Eén zaak lijkt me zeker: wij beleven niet de symptomen van het einde van de wereld, maar van het einde van een wereld. Het einde van de traditionele wereld veel ouder dan ik zojuist beschreven heb met al het begrippenkader dat ermede geassocieerd was, maar ook het einde van de ultra-individualistische en consumentistische wereld die erop gevolgd is en in dewelke wij nog ondergedompeld zijn, een wereld die zoveel tekenen
van uitputting vertoont en de echte grenzen voor een waarachtige vooruitgang van de mens en de samenlevingen aangeeft.

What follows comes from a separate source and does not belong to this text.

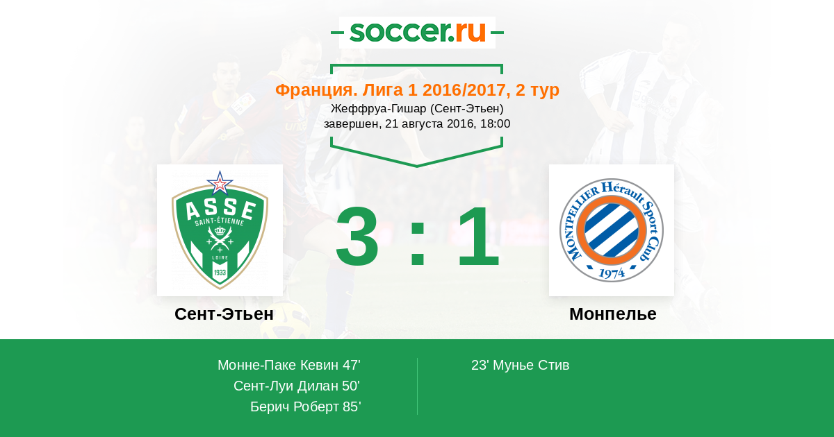 Протокол матча Сент-Этьен против Монпелье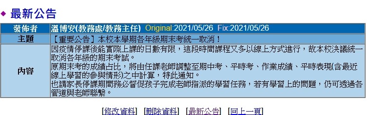 南湖國小校長汪明芳表示,孩子們線上學習的成效可能沒那麼好。就算如期復課,期末考也要經過老師命題、審查的流程,時間緊迫,所以決定要朝取消方向進行。如果復課後老師認為仍需要紙筆測驗,可以小考的形式進行,但校方會提醒紙筆測驗,成績配比不可佔太高。學校還呼籲家長,停課期間務必督促孩子完成老師指派的學習任務,如果有學習上的問題,可以透過各個管道與老師聯繫~

Bergson zei dat wij nood zouden hebben aan een ‘aanvulling van de ziel’ om het hoofd te bieden aan nieuwe uitdagingen. In deze diepe crisis kunnen wij inderdaad niet alleen een serie van aangekondigde ecologische, economische en sociale catastrofen zien, maar ook de mogelijkheid van een sprong, van een humanistische en spirituele vernieuwing, door een ontwaken van het bewustzijn en een verscherpt gevoel van de individuele en collectieve verantwoordelijkheid.

Frédéric Lenoir
Frédéric Lenoir studeerde filosofie aan de universiteit van Fribourg en promoveerde aan de Ecole des Hautes Etudes Sociales (EHSS) te Parijs met een proefschrift op het Boeddhisme in het Westen. Van beslissende invloed voor zijn intellectuele en spirituele weg was het contact met de filosofen Emmanuel Lévinas en Edgar Morin. Achtereenvolgens was hij directeur van collecties bij de uitgeverij Fayard en onderzoeker aan het EHSS te Parijs met bijzondere aandacht voor de multidisciplinaire benadering van religiositeit. Gepassioneerd door ecologische vraagstukken publiceerde hij in 2003 een bundel interviews onder de titel Mal de Terre. Verder schreef hij romans, toneelwerk en vooral essays waaronder Comment Jésus est devenu dieu en Petit traité de vie intérieure. Sedert 2004 heeft hij de directie van het tweemaandelijkse magazine Le Monde des Religions dat een brede gedeconfessionaliseerde en culturele benadering van het religieuze voorop stelt. Voorts is hij producer en
presentator van het wekelijkse programma Les Racines du Ciel op France Culture.